In his senior year, David helped lead a group of students on an alternative break trip to the Gulf Coast. We worked together on a crew putting up ceiling tiles in a home that had been devastated by Katrina. In the latter stages of the LifeWorks program, we examine the creative process and what makes for good work. We were able to reflect on this in Mississippi, as we discussed what it was about this work we were doing that made it flow, that made it enjoyable even when it was tedious and physically difficult. David and his fellow Sudanese student Joseph Deng were on our crew, and were teaching us phrases in their native language of Dinka. Another senior student came running through the house one afternoon, yelling with enthusiasm, “Yin ci luoi loi" (pronounced “eetchi loy loy”). He had learned his favorite American phrase, “Get ‘er done” in Dinka.
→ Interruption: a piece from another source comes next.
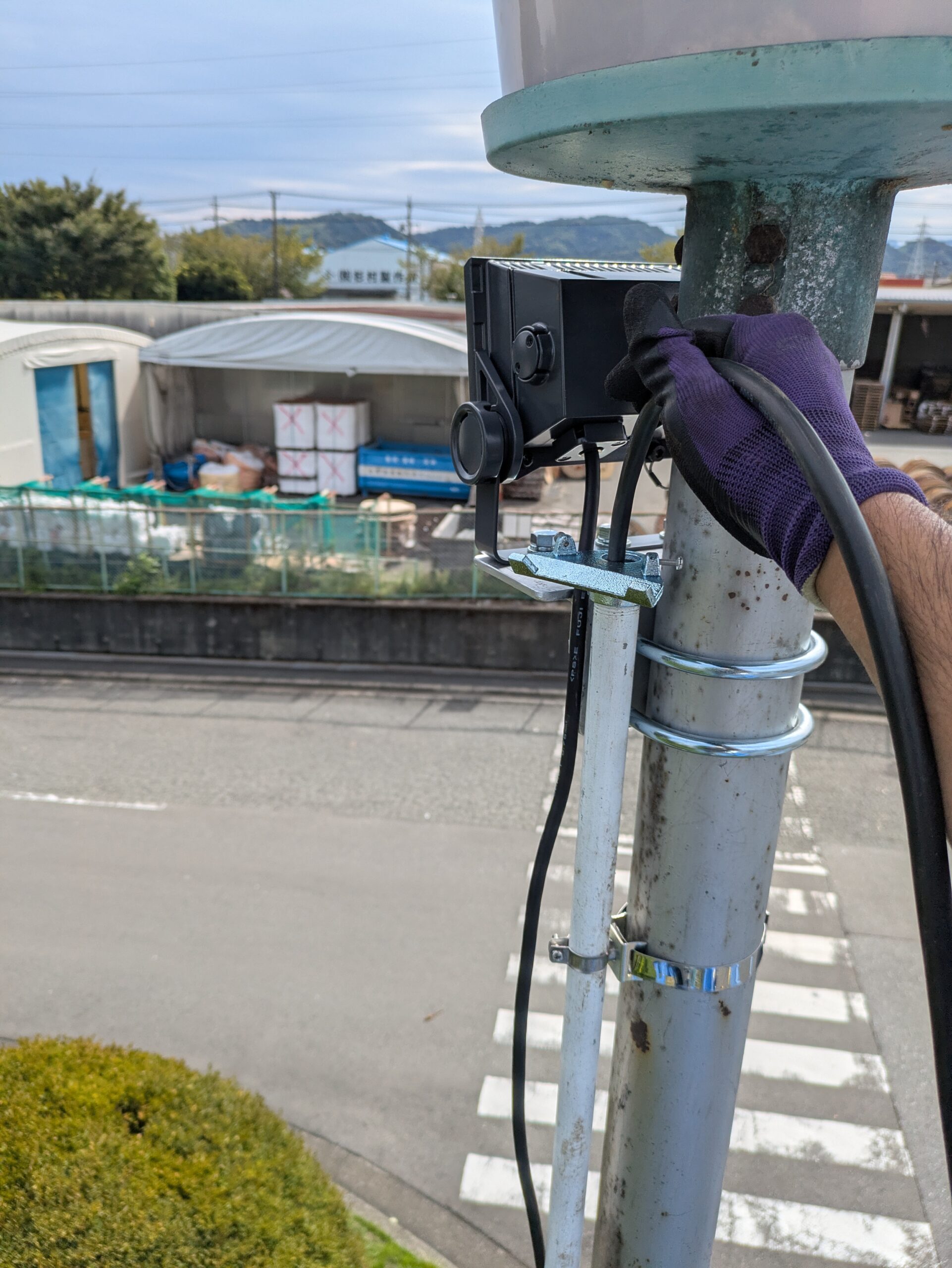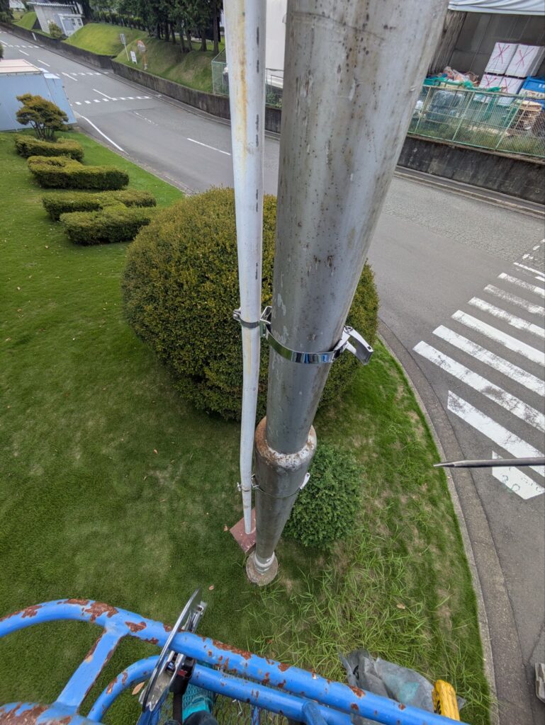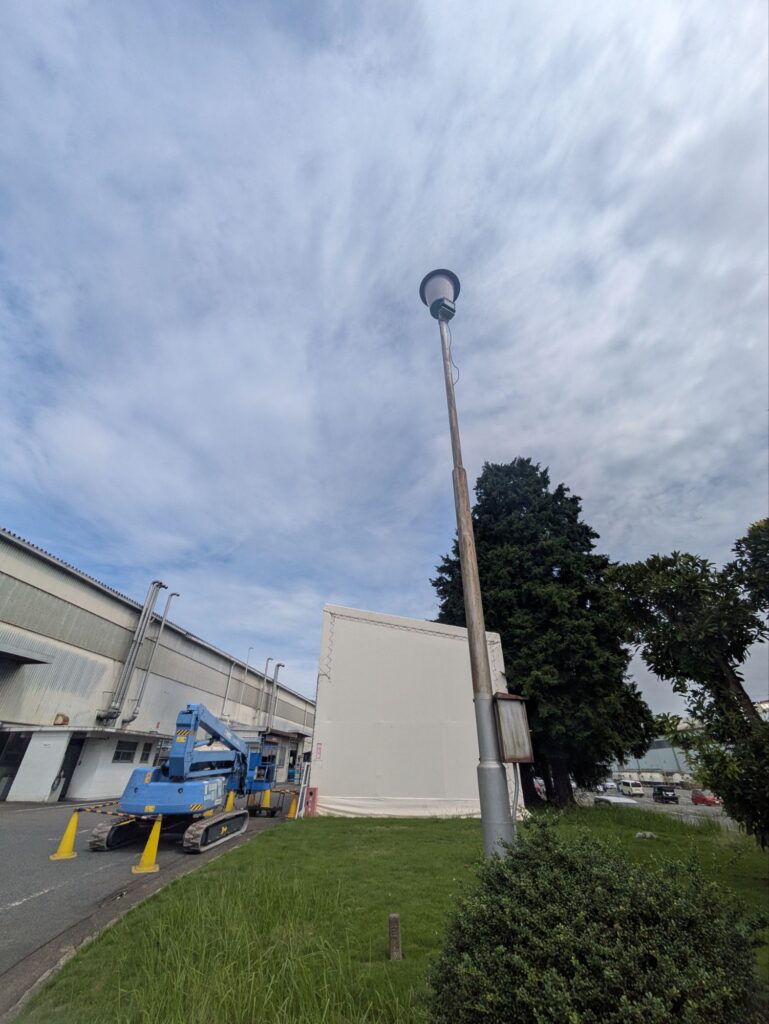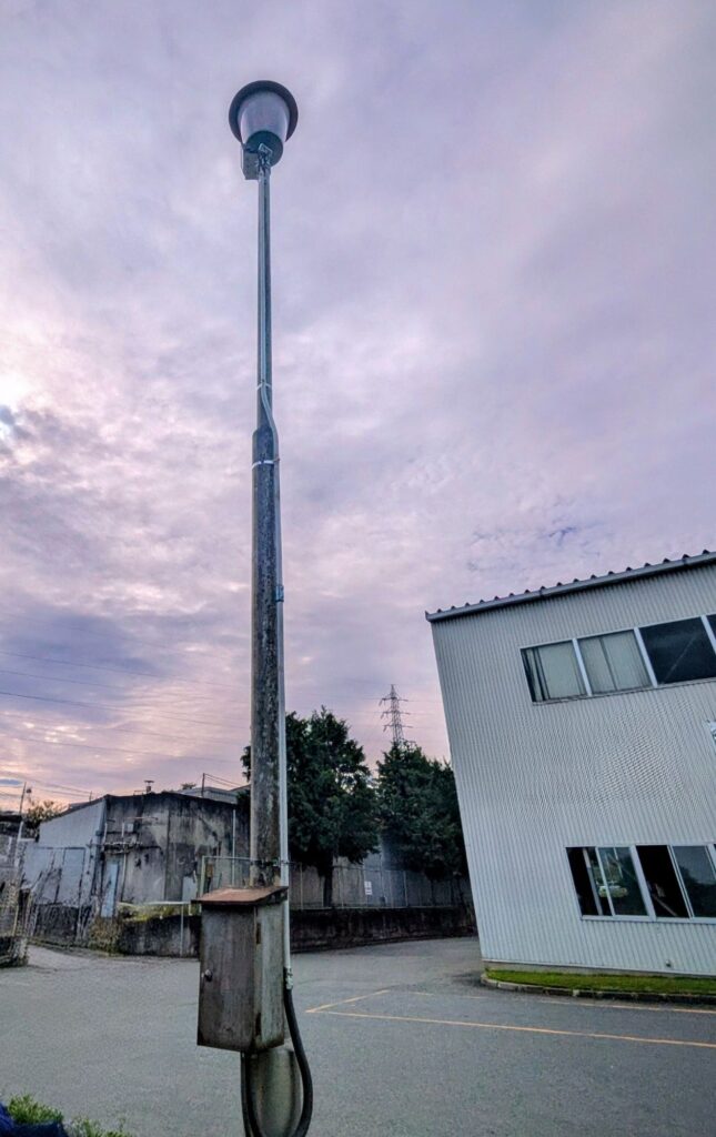 こちらの外灯ポールに追加で投光器型の照明を付けさせて頂きました。
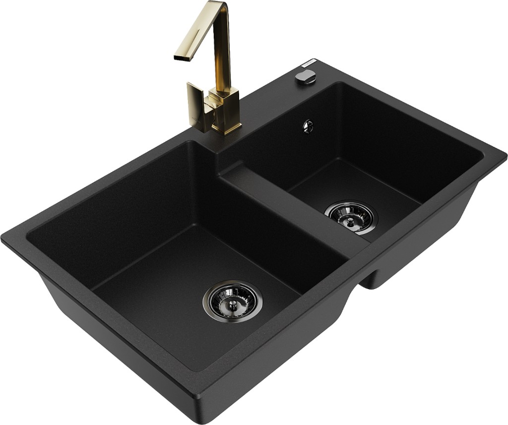 Technické dáta: drez: Rozmer: 800 x 500 x 190 mm Hĺbka komory: 180 mm (väčšia), 180 mm (menšia) Rozmery komory: 440x387 mm (väčšie), 370x303 mm (menšie) Priemer odtoku: ø90 mm Typ: 2-komorový Typ: Zapustené do pracovnej dosky Materiál: žula Čierna farba Povrchová úprava sifónu: čierna Materiál: žula (80% žulové kamenivo, 20% živice) Prepadový otvor: Áno Otvory: (batérie, automatické) 2 Vysoká odolnosť proti poškriabaniu a zmene farby Odolnosť proti tepelným šokom Ľahko čistiteľný povrch Jeden dodatočný vyfrézovaný otvor na samodierovanie ø35 kuchynská batéria: Materiál: mosadz Farba: Zlatá Hlava: Keramická Prevzdušňovač: Áno Typ: Jedna páka Výška batérie: 290 mm Rozsah výtoku: 220 mm (GT) Ean: 5905315021342

In addition to “get ‘er done” David says this phrase also means “good job.” The ultimate goal of the LifeWorks program is to build the capacity of our students to make a good life and a good living, to do a good job that contributes to the common good in whatever field they pursue. That good work could be in a medical clinic in Sudan, in a neighborhood organization in Asheville, in the coalfields of West Virginia, or any other place that needs good work to be done. It could happen in a school, a non-profit agency, or a for-profit business. The goal of the final stage of the LifeWorks program, which is a stage that happens post-college and throughout one’s life, is alignment. We hope that our graduates will work to align all the engaged experiences of their lives, including career, volunteer work, faith commitments, political activities, and economic investments, so that all these will contribute toward the seven ultimate desired outcomes we see as the common good: greater respect across lines of diversity, diminishing discrimination, economic well-being of the disadvantaged, diminishing poverty, a more sustainable environment, diminishing abuse of natural resources, the education of children and youth, diminishing underachievement, creativity and cultural enrichment, diminishing cultural impoverishment, a safer, more secure world, diminishing violence and destructive behavior, and health/wellness, diminishing dis-ease in mind, body, and/or spirit.

We in higher education have become fairly skilled at measuring intermediate outcomes—the acquisition of knowledge and skills. But the great undone work that is our next task is to develop indicators and instruments to measure contributions toward these ultimate outcomes. Until these longitudinal assessment and evaluation procedures are in place, we live and work by faith. And I have great faith that by whatever indicator or instrument we do develop, the lifework students like David Thon build over the course of their lives will prove to be of great value to our world: Yin ci luoi loi.